Eventually, she was issued a badge, that showed her in her scarf — but it had the wrong name[4].

South by Southwest later apologized for the incident.

"It is not our policy that a hijab or any religious head covering be removed in order to pick up a SXSW badge," organizers said in a statement to the Chicago Tribune[5]. "This was one volunteer who made an insensitive request and that person has been removed for the duration of the event. We are embarrassed by this and have apologized to Ibtihaj in person, and sincerely regret this incident."

At her panel, "The New Church: Sport as Currency of American Life," Muhammad told the audience that experiences like that were still all-too common for her.

"Someone asking me to remove my hijab isn't out of the norm for me," she said, according to the Tribune[6]. "Do I hope it changes soon? Yes, every day."

Muhammad was a member of the United States' 2014 world champion fencing team and is ranked seventh in the world in her discipline, sabre. With her siblings, she also runs a women's clothing line called Louella[8], which specializes in clothing that fits the strictures of both Islam and contemporary fashion.

Almost since she began fencing, Muhammad has been an ambassador for Muslim women cloaked in the helmet and full-body uniform of a fencer.

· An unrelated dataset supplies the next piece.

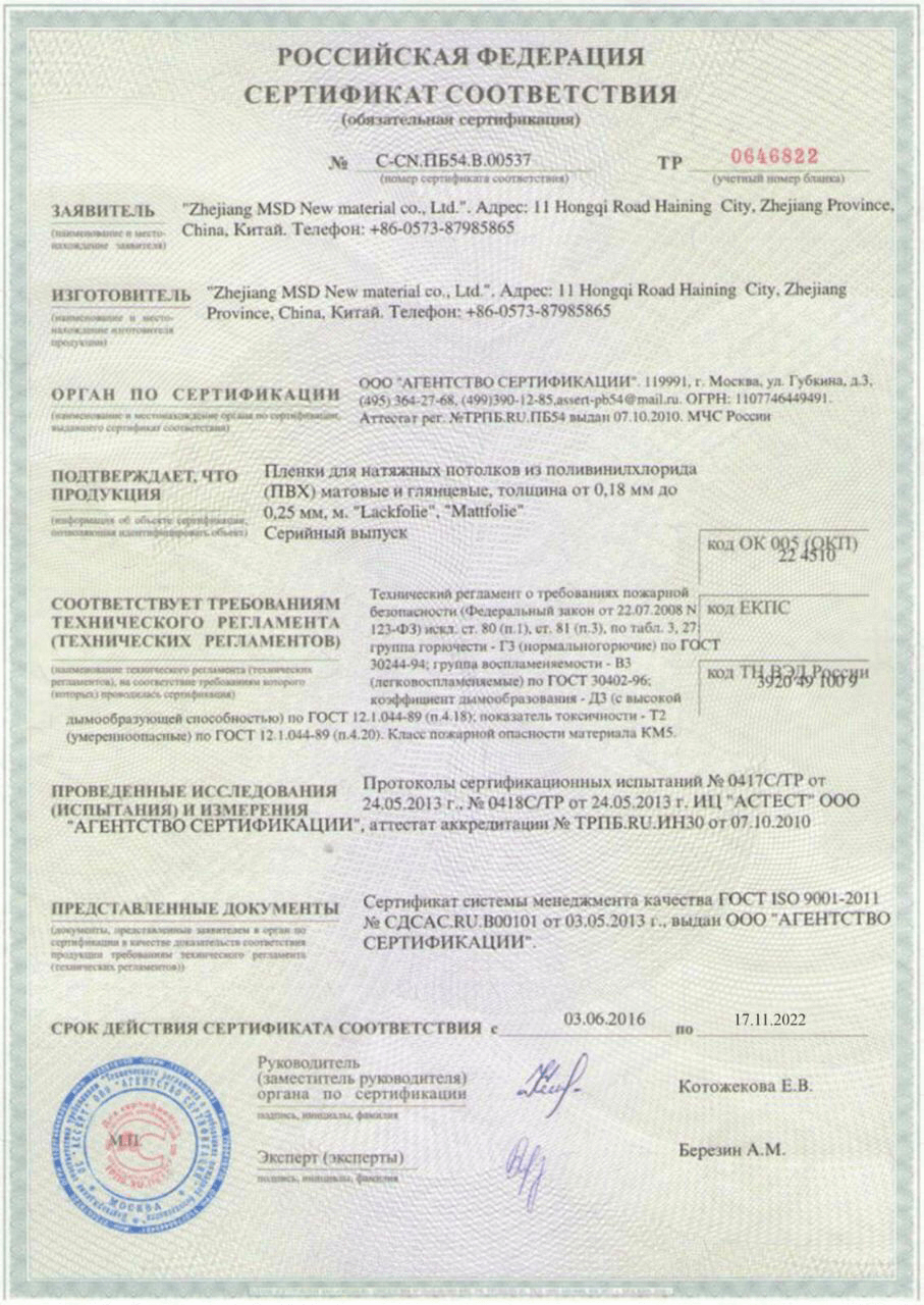 Продукция прошла процедуру сертификации и получила соответствующие документы

The sport was overwhelmingly white where she grew up — often, she was the only African American athlete at a tournament, let alone the only one in a headscarf.

"There were no role models," she told the New Yorker[9] magazine. When I competed in local tournaments, there were often comments about me — being black, or being Muslim. It hurt."

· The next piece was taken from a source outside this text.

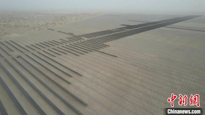 截至3月底,中電建25萬千瓦光伏項目已完成光伏板基樁的建設(shè)和第一期5萬余塊光伏板的安裝。今年6月,這里將建成一個占地約7000畝、年發(fā)電量4.14億千瓦時的光伏基地,并配套建設(shè)一座220千伏升壓站,通過“光伏+治沙”筑牢生態(tài)防線。

Then, just across the river from the high school classroom where Muhammad sat in advanced placement English, the Twin Towers of the World Trade Center fell. The night of September 11, 2001, there was an air of panic in their home, Muhammad recalled. The family knew that something fundamental had changed.

"9/11 impacted everyone," Her mother, Denise Muhammad, told the New Yorker[10]. "The children were ostracized and targeted. People shouted at me when I drove down the street."


Fencer Ibtihaj Muhammad. (Damian Dovarganes/AP)

Muhammad kept her head down and kept fencing. She was connected with the Peter Westbrook Foundation, a program founded by former fencing champion Peter Westbrook to teach the sport to kids in underserved communities in the New York area.

"Don't be fooled by that pretty face. She has something in her that it takes in real champions, that unbelievable will to win," Westbrook, who in 1984 became the first African American to win an Olympic medal in fencing, told the Associated Press[11]. "She is able to dig five stories deep to pull something out. And when she loses? Oh, my God."

For college, she got a scholarship to Duke University, where she studied international relations, African studies and Arabic and took up the sabre, the fastest and — some might say — fiercest of the three fencing disciplines. Sabre competition is like something out of an Errol Flynn movie[12] — all lightning fast slashes of steel.

"It's the closest representation of who I am," Muhammad told the New York Times[13] last month. "I'm very aggressive, that's who I am."

This is true outside competition, particularly when Muhammad thinks she is being treated unfairly because of her faith. When she is questioned at airports about the heavy gear in her bag — or the scarf on her head — her first impulse is to protest.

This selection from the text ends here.